Гуссерль считает эти претензии романтического идеализма неосуществимыми, а сам идеализм такого толка рассматривает, скорее, как исторический эпизод, обусловленный тем, что как раз во время становления романтического идеализма начали активно развиваться науки нового типа, отличного от классического новоевропейского естествознания, — специфические науки о духе. Гуссерль пишет:
Кант исходил из физики, но немецкие идеалисты формировались во время расцвета Нео-ренессанса, их образование находилось всецело в сфере наук о духе.

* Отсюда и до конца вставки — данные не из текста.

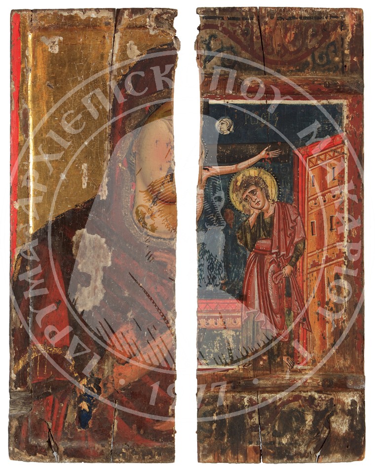 Title: Bilateral icon (fragment): Virgin Mary and Crucifixion

Математическое естествознание оставалось им всецело чуждым и непонятным для них [18, Б. 407].
И системы немецкого послекантовского идеализма выступали как несовершенные формы этих наук, формы, не получившие еще настоящего научного фундирования. А сегодняшнему (уже для Гуссерля) человеку едва ли доступно для понимания, чего же хотели эти мыслители, включая Гегеля:
На самом деле для расхожего мнения они (философы немецкого идеализма. — А. П., Ю. Р.) дистанцированы еще дальше, чем чужеродные философии чуждых культур самых далеких времен и эпох, дальше, чем философии древних индийцев [18, Б. 407].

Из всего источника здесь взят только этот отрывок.